Requirement> The task calls for an exact copy of the records, without any images.

(Records from a data collection)
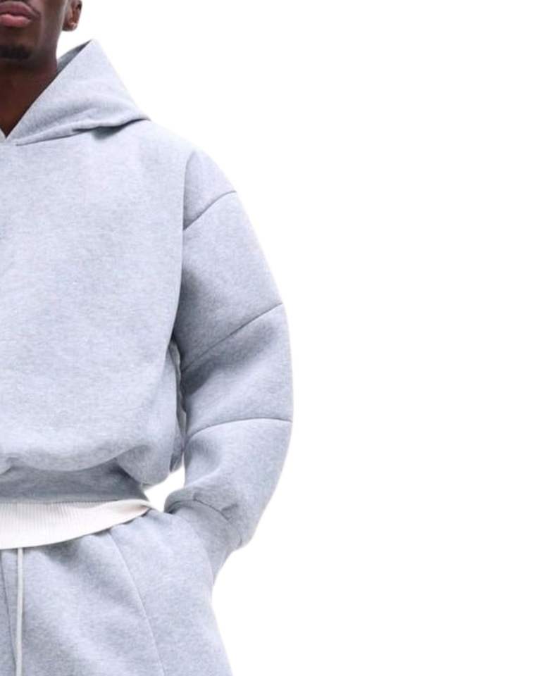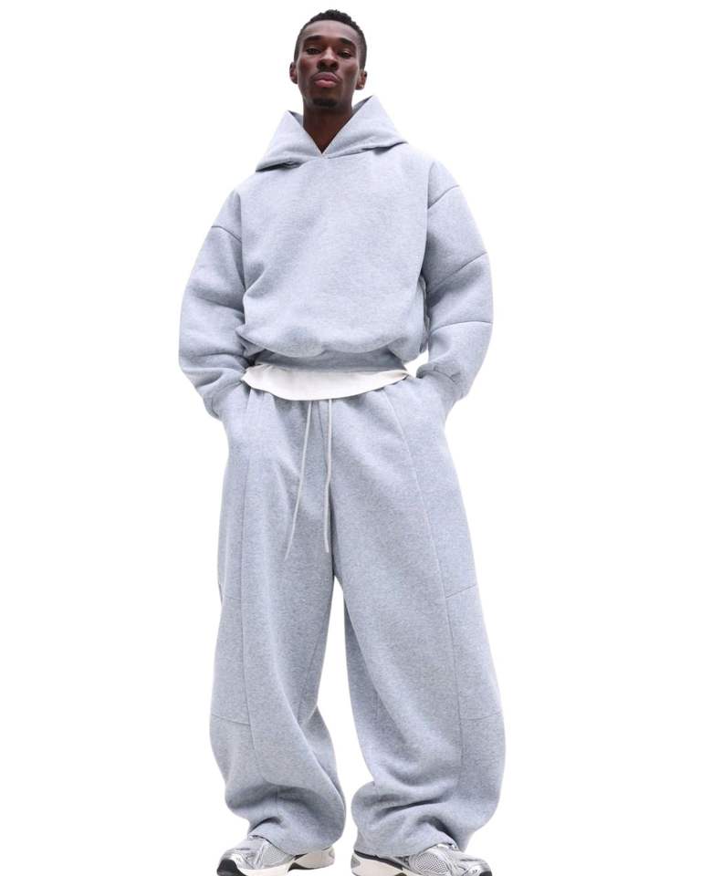ชุดเซ็ตเสื้อฮู้ดผ้าฟลีซสีเทาเมฆสำหรับผู้ชาย และกางเกงจ็อกเกอร์ทรงหลวม สไตล์ลำลองสำหรับฤดูหนาว เสื้อฮู้ดแบบสวมหัว กางเกงขายาว สตรีทแวร์
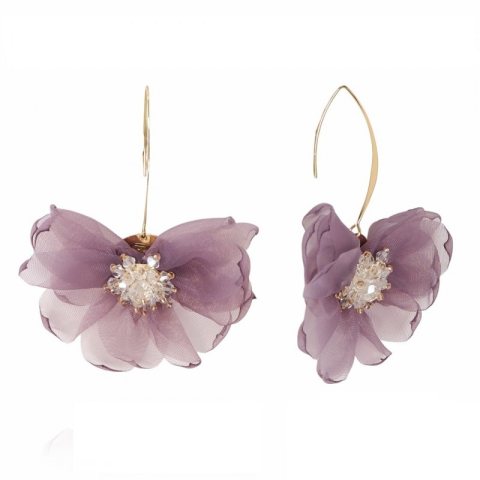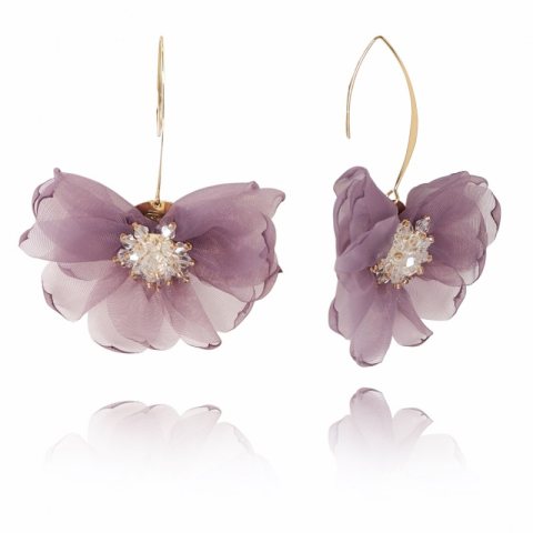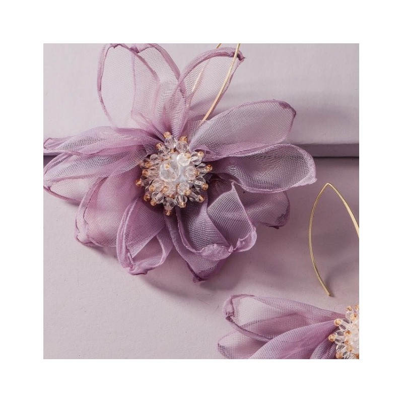 Kolczyki wiszące z kryształkami tiulowe kwiaty 10x8cm K1675FIO
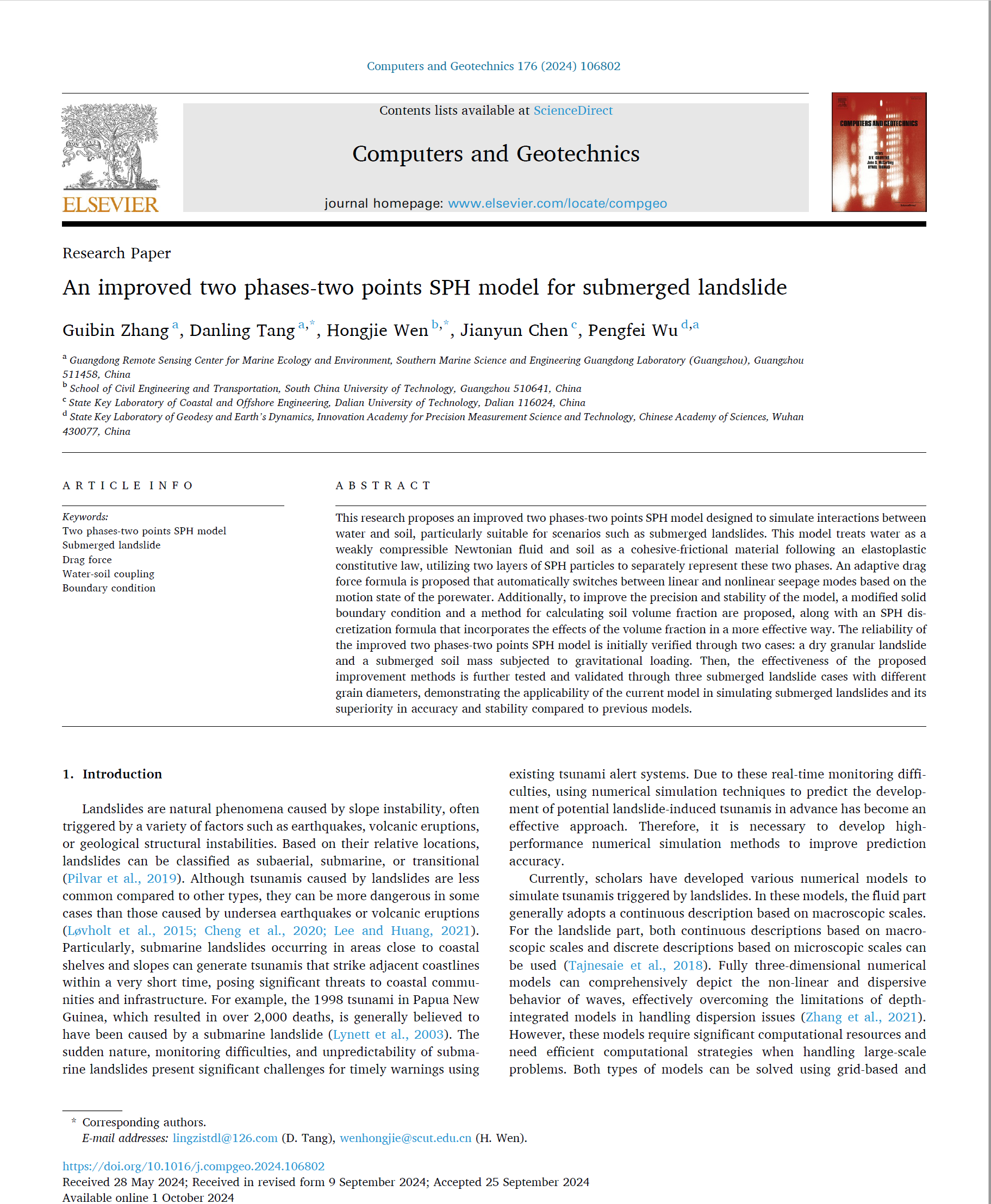 论文全文:Guibin Zhang, Danling Tang, Hongjie Wen, Jianyun Chen, Pengfei Wu. An improved two phases-two points SPH model for submerged landslide. Computers and Geotechnics, 2024, 176: 106802. https://doi.org/10.1016/j.compgeo.2024.106802
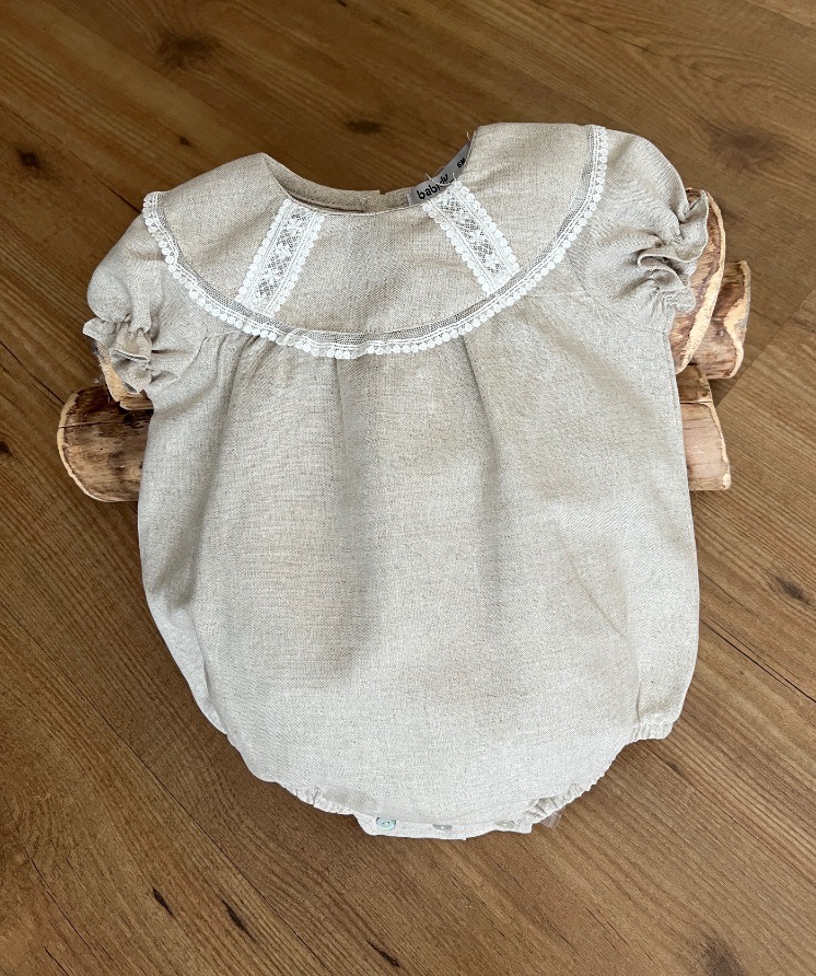 Es lino color arena. Con cuello grande rematado con puntilla en crudo. Manga farol. Sencillo pero fino para cualquier evento.
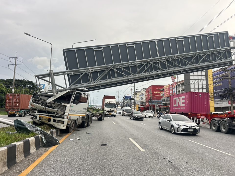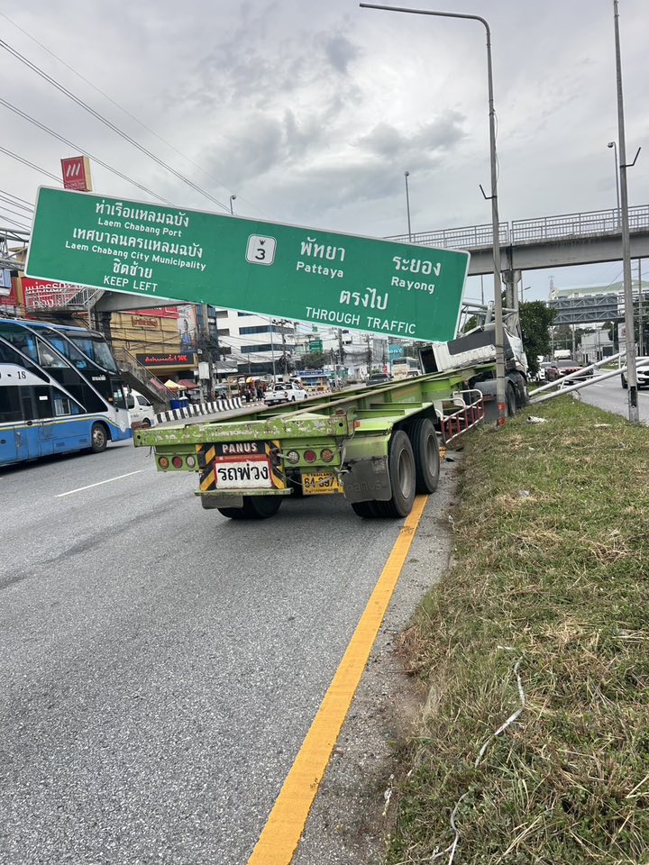 08.10 น. ถนนสุขุมวิท ขาออก บริเวณทะเลทองทาวเวอร์ ในพื้นที่ จ.ชลบุรี อุบัติเหตุ รถพ่วง 18 ล้อ เสียหลักพุ่งชนป้ายบอกทางหักลงมา กีดขวางช่องทางขวา รถติดมากทั้ง 2 ฝั่ง #รายงานจราจร #รถติด #อุบัติเหตุ #FM91

Exercise result>
ชุดเซ็ตเสื้อฮู้ดผ้าฟลีซสีเทาเมฆสำหรับผู้ชาย และกางเกงจ็อกเกอร์ทรงหลวม สไตล์ลำลองสำหรับฤดูหนาว เสื้อฮู้ดแบบสวมหัว กางเกงขายาว สตรีทแวร์
 Kolczyki wiszące z kryształkami tiulowe kwiaty 10x8cm K1675FIO
 论文全文:Guibin Zhang, Danling Tang, Hongjie Wen, Jianyun Chen, Pengfei Wu. An improved two phases-two points SPH model for submerged landslide. Computers and Geotechnics, 2024, 176: 106802. https://doi.org/10.1016/j.compgeo.2024.106802
 Es lino color arena. Con cuello grande rematado con puntilla en crudo. Manga farol. Sencillo pero fino para cualquier evento.
 08.10 น. ถนนสุขุมวิท ขาออก บริเวณทะเลทองทาวเวอร์ ในพื้นที่ จ.ชลบุรี อุบัติเหตุ รถพ่วง 18 ล้อ เสียหลักพุ่งชนป้ายบอกทางหักลงมา กีดขวางช่องทางขวา รถติดมากทั้ง 2 ฝั่ง #รายงานจราจร #รถติด #อุบัติเหตุ #FM91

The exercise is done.